Homer's first flashback shows a clip of him falling down Springfield Gorge on a skateboard, a scene taken from the episode "Bart the Daredevil." The Simpsons staff were concerned that this would make people think the episode was in fact a clip show, so they kept the clip short. The staff also debated how horrific Smithers' father's corpse would look. The first design was "more horrific" than the one seen in the episode, and it more closely resembled Smithers. The corpse seen in the episode was an altered version of the first design. The video recorded by Mr. Burns' security camera was originally supposed to be shot in the same angle as a real security camera, but according to director Steven Dean Moore, to follow the narrative, the staff "had to lose [the camera angle]." This led to some confusion, since one of the shots was from inside the core, making it look as if the security camera was actually inside it. The staff intended to cut the shot, but they later decided to keep it in; Jean explained in the DVD audio commentary for the episode that, "Nobody ever notices it." The end of the episode originally had Chad Sexington showing up for his date with Marge, causing Homer to scream uncontrollably again; however, it was cut in favor of Hank Azaria's improvisation as Moe, which, according to Simpsons writer Carolyn Omine, was Azaria's "favorite thing [he] had ever done" on The Simpsons.

American actor and director Paul Newman guest starred as himself in the episode, although he had only one line of dialogue. Newman recorded approximately five or six takes of his line over the phone from the set of a movie he was shooting at the time. According to Maxtone-Graham, Newman recorded his line with no rigamarole; "He just said, 'Sure, I'll do it,' and he did it instantly." The episode also features Joe Mantegna, who plays a young Fat Tony. Welsh singer-songwriter Judith Owen, wife of Simpsons cast member Harry Shearer, also makes an appearance in the episode.

==Cultural references==
The episode's title is a reference to the television show The Wonder Years. Homer's flashbacks to his childhood were based on the plot of the film Stand By Me, which in turn is based on Stephen King's novella The Body. However, the scenes in the quarry were based on the coming of age film Breaking Away, directed by Peter Yates. Burly, the brand of paper towels featured in the episode, is based on the real brand Brawny Paper Towels. The model for Burly paper towels, called Chad Sexington, was based on the Brawny paper towels' logo; however, the logo, within "a year or two of [the episode]", was changed into a more "right-of-center" looking brunette, according to director Moore. One of the walls in Pimento Grove shows photos of several characters and guest stars who have appeared on The Simpsons, including Birch Barlow, Stephen Hawking, and Ringo Starr. Mesmerino later reads a letter in a similarly to Carnac the Magnificent, played by Johnny Carson on The Tonight Show Starring Johnny Carson.

==Release and reception==
Following the release of the thirteenth season of The Simpsons on DVD and Blu-ray, "The Blunder Years" received mixed reviews from critics.

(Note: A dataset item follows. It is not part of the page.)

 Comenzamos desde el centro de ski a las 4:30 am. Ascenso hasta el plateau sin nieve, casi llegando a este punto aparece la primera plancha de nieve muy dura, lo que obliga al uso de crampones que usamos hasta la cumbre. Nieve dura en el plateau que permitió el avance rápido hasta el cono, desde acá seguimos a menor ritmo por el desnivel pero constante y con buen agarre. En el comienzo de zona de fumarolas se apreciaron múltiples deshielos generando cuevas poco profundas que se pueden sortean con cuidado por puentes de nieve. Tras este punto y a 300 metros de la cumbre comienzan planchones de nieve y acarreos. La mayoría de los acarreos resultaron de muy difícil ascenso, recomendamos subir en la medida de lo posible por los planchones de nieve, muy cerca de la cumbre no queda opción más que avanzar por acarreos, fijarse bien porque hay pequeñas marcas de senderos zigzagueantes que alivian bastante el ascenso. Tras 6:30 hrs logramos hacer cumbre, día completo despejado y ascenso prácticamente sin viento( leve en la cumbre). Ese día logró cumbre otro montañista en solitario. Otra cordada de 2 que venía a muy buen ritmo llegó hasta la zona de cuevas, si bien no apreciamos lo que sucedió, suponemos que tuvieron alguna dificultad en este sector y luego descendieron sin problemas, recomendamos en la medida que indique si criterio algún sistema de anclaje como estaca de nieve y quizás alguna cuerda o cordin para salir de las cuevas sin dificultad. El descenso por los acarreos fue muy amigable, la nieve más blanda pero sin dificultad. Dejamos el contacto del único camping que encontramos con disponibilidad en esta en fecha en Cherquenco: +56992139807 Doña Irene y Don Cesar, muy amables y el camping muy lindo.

Giving the episode a positive review, Dominic von Riedemann of Suite101 stated that the episode was one of the season's "comedy gems", praising Paul Newman's guest appearance in particular.

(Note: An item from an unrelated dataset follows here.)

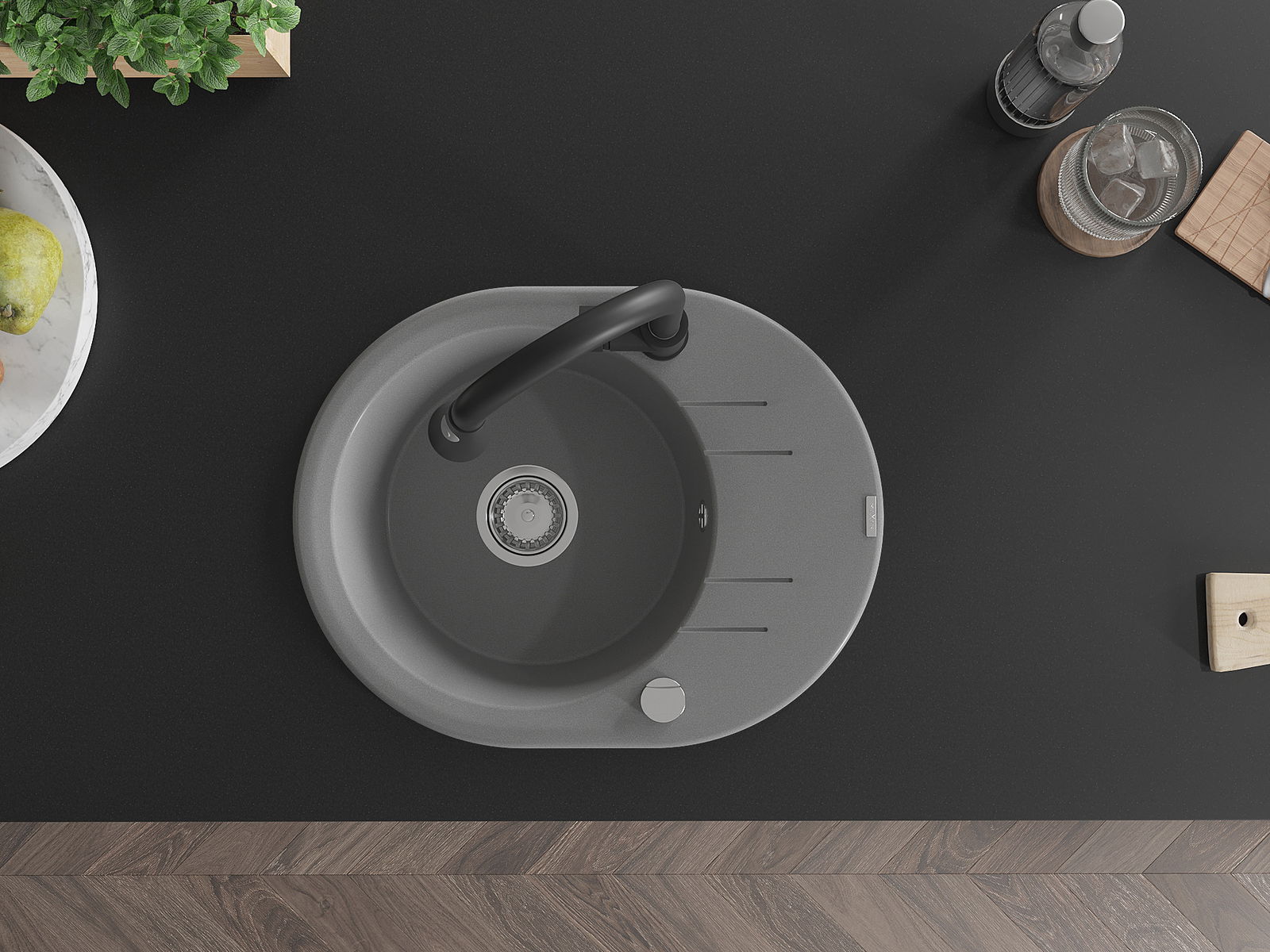 Mexen Kevin granit izlietne ar vienu nodalījumu ar notekcauruli un virtuves jaucējkrānu Elia, pelēks - 6517-71-670101-70

Writing for DVD Verdict, Jennifer Malkowski gave a favorable review of the episode, giving a B rating and pointed at the scene in which "Homer says finding a corpse explains everything that's gone wrong in his life—especially his fear of corpses" as the highlight of the episode.

Colin Jacobsson of DVD Movie Guide was positive, calling the episode a "reasonably amusing spoof [of Stand By Me]". He enjoyed "Marge's lust for Burly" and "Homer's rampaging fear", and concluded by saying that, while nothing in the episode "dazzles", it still "adds up to a good episode".

Ron Martin of 411mania was less enthusiastic about the episode. Calling the episode a "bad parody of Stand By Me", Martin wrote that "any moments this episode might have had are annulled by the constant annoyance of Homer screaming through the first half of the episode".